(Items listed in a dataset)
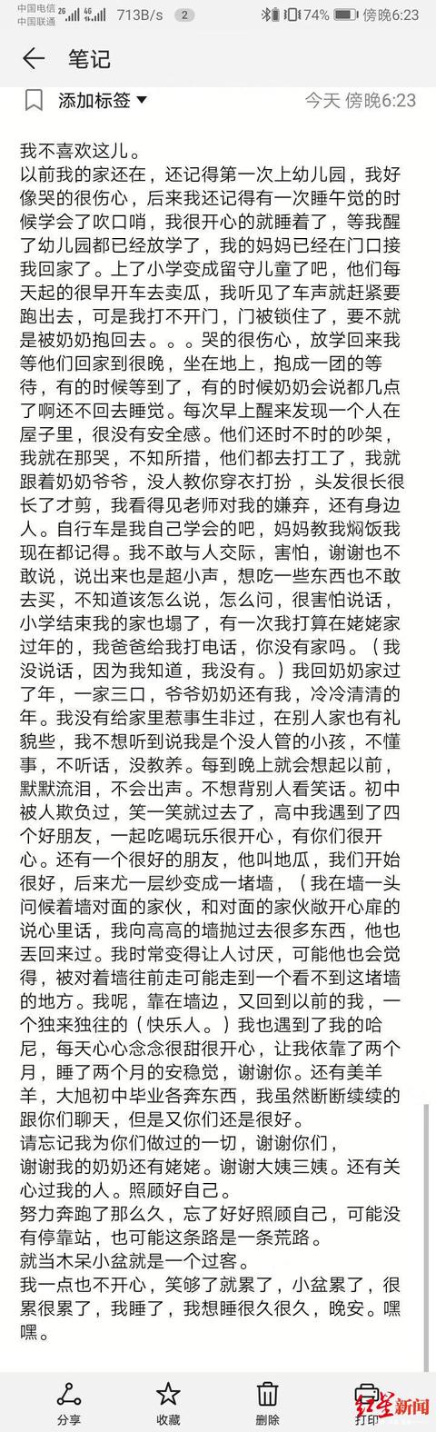 在这条“告别”消息里,王忠民回忆了自己小时候的一些经历,说自己不喜欢这个地方,过得一点也不开心。在向所有关心过他的人道谢后,他说他很累,想睡很久很久的觉……
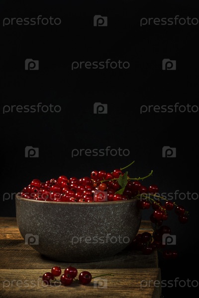 Красная смородина в миске на черном фоне. Органические ягоды из деревенского сада. Деревянный старинный стол. Стиль кантри
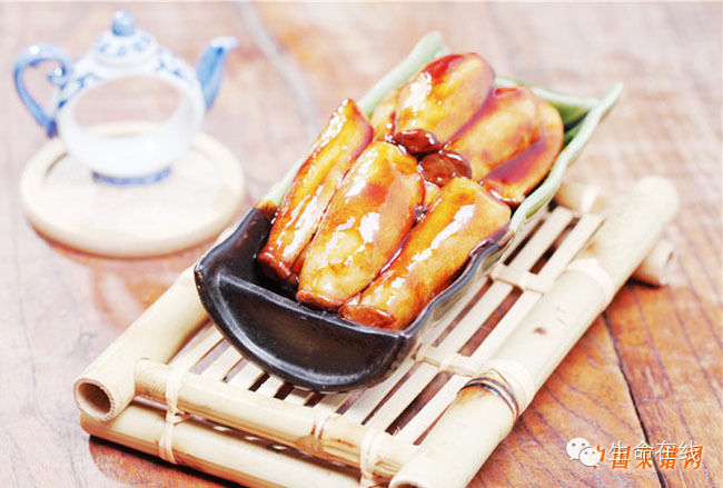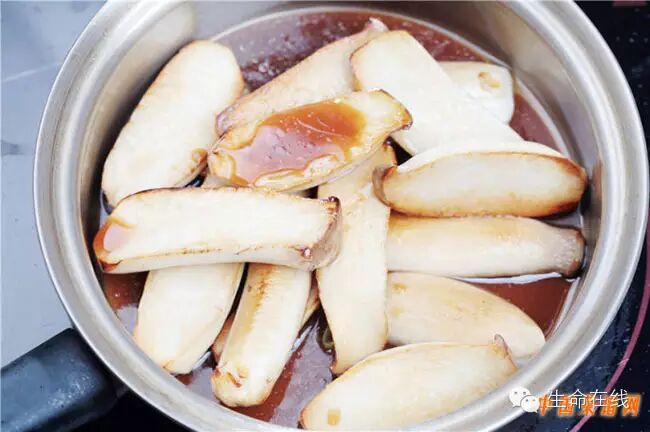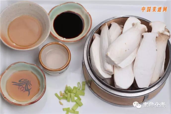 原料:杏鲍菇7根、照烧汁10克、酱油5克、白糖5克、一点点白水、姜3克
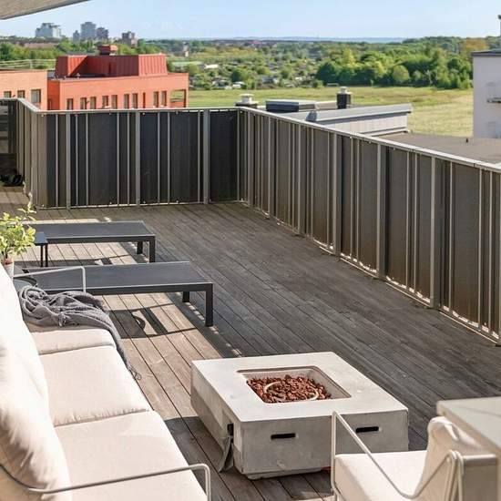 Nu finns en unik möjlighet att hyra en exklusiv takvåning om 97 kvm, högst upp i huset på attraktiva Kronovallsgatan 4 i Helsingborg. Lägenheten är ensam på våningsplanet, vilket ger ett privat, tyst och insynsskyddat boende. Bostaden håller hög standard med ljusa, moderna ytskikt och en genomtänkt planlösning. Det rymliga vardagsrummet öppnar upp mot en generös terrass i soligt läge med panoramautsikt över havet – en perfekt plats för avkoppling, middagar och sociala tillställningar. Lägenheten erbjuder tre sovrum med flexibla användnings...
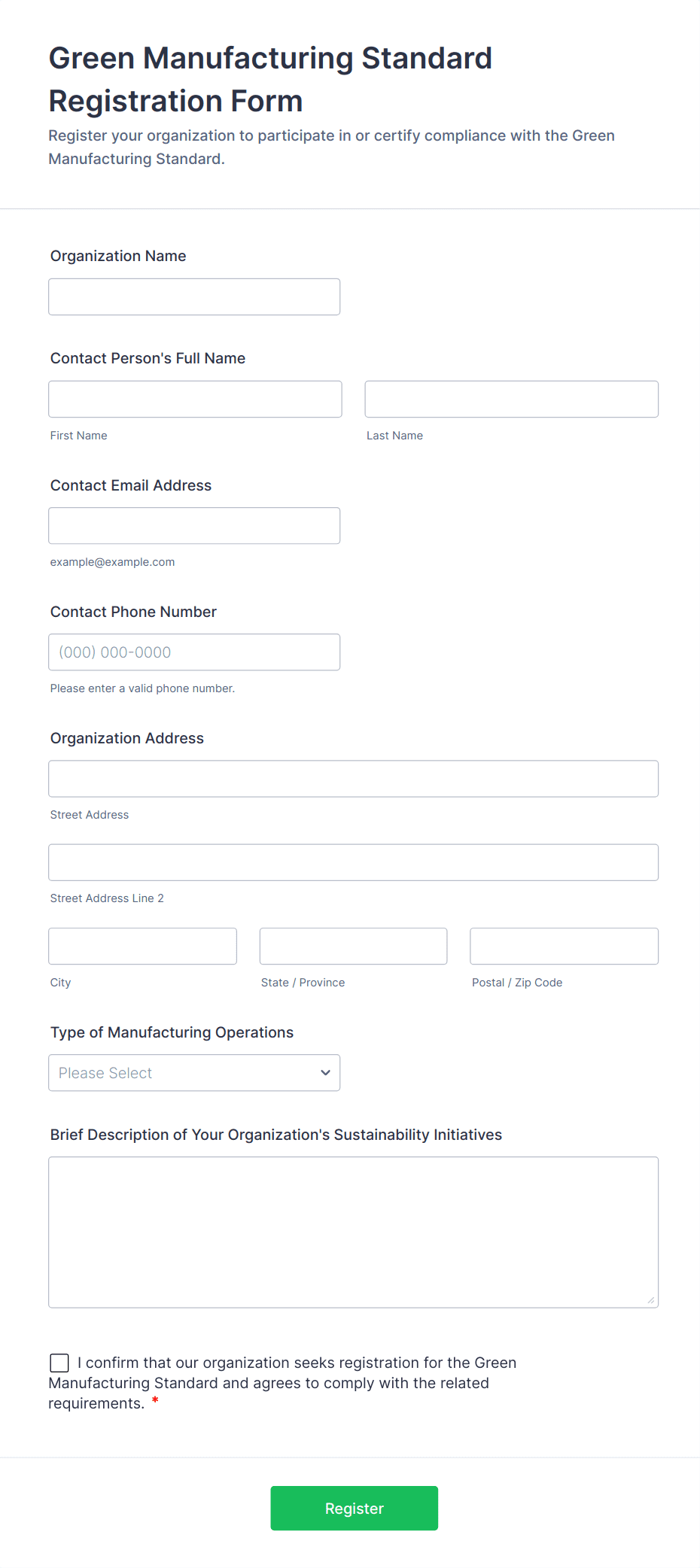 • Government Registration: Forms may require detailed legal documentation uploads, tax ID fields, and compliance checklists.
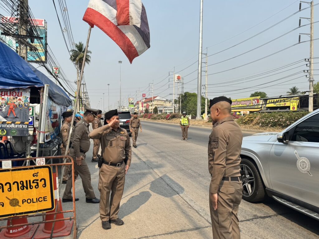 เชียงใหม่-ผบช.ภาค 5 พร้อมด้วย ผบก.ภ.จว.เชียงใหม่ลงพื้นที่ตรวจเยี่ยมจุดอำนวยความสะดวกด้านการจราจร เพื่อป้องกันอุบัติเหตุ และบริการประชาชน ในพื้นที่ สภ.สันทราย จว.เชียงใหม่
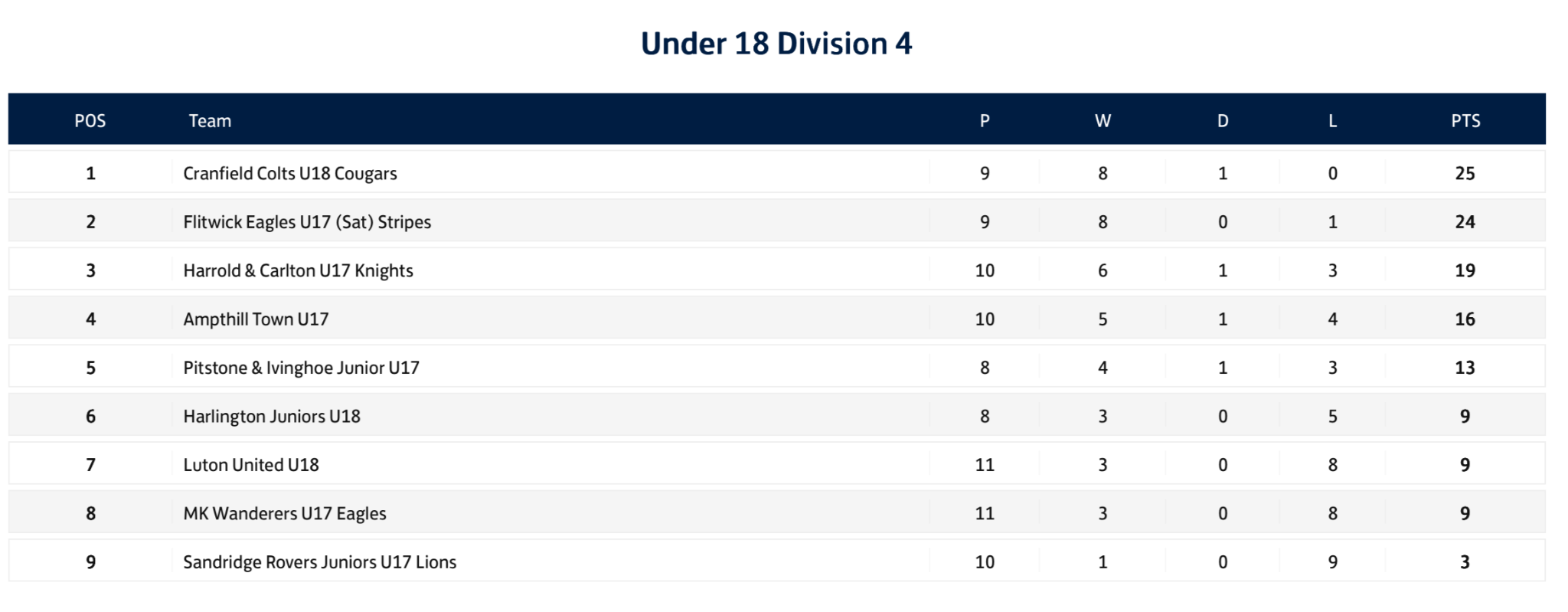 BEDS YOUTH SATURDAY LEAGUE DIV 1 u15's
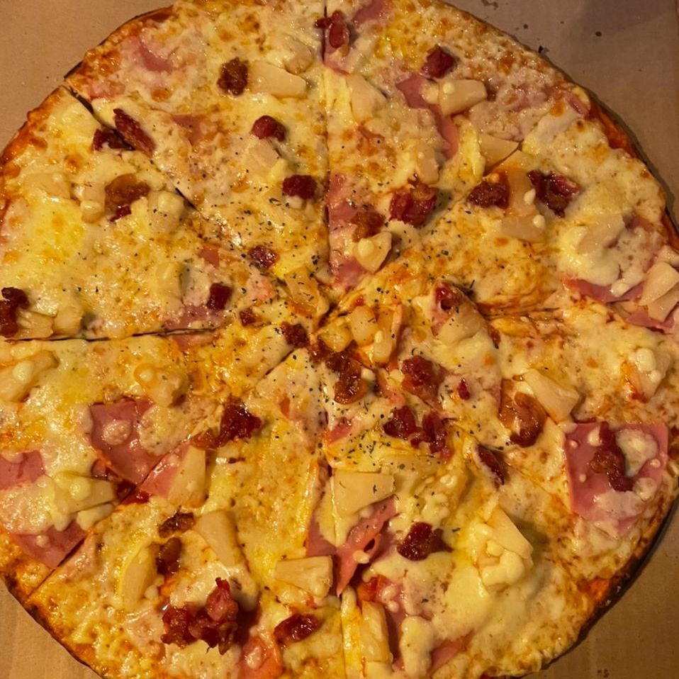 Salsa de tomate,queso mozzarella,queso gouda,tocino ahumado, trocitos de piñaa

| EXERCISE BRIEF |
The data above should be returned in full, exactly as written, apart from its images.

| RESPONSE |
 在这条“告别”消息里,王忠民回忆了自己小时候的一些经历,说自己不喜欢这个地方,过得一点也不开心。在向所有关心过他的人道谢后,他说他很累,想睡很久很久的觉……
 Красная смородина в миске на черном фоне. Органические ягоды из деревенского сада. Деревянный старинный стол. Стиль кантри
 原料:杏鲍菇7根、照烧汁10克、酱油5克、白糖5克、一点点白水、姜3克
 Nu finns en unik möjlighet att hyra en exklusiv takvåning om 97 kvm, högst upp i huset på attraktiva Kronovallsgatan 4 i Helsingborg. Lägenheten är ensam på våningsplanet, vilket ger ett privat, tyst och insynsskyddat boende. Bostaden håller hög standard med ljusa, moderna ytskikt och en genomtänkt planlösning. Det rymliga vardagsrummet öppnar upp mot en generös terrass i soligt läge med panoramautsikt över havet – en perfekt plats för avkoppling, middagar och sociala tillställningar. Lägenheten erbjuder tre sovrum med flexibla användnings...
 • Government Registration: Forms may require detailed legal documentation uploads, tax ID fields, and compliance checklists.
 เชียงใหม่-ผบช.ภาค 5 พร้อมด้วย ผบก.ภ.จว.เชียงใหม่ลงพื้นที่ตรวจเยี่ยมจุดอำนวยความสะดวกด้านการจราจร เพื่อป้องกันอุบัติเหตุ และบริการประชาชน ในพื้นที่ สภ.สันทราย จว.เชียงใหม่
 BEDS YOUTH SATURDAY LEAGUE DIV 1 u15's
 Salsa de tomate,queso mozzarella,queso gouda,tocino ahumado, trocitos de piñaa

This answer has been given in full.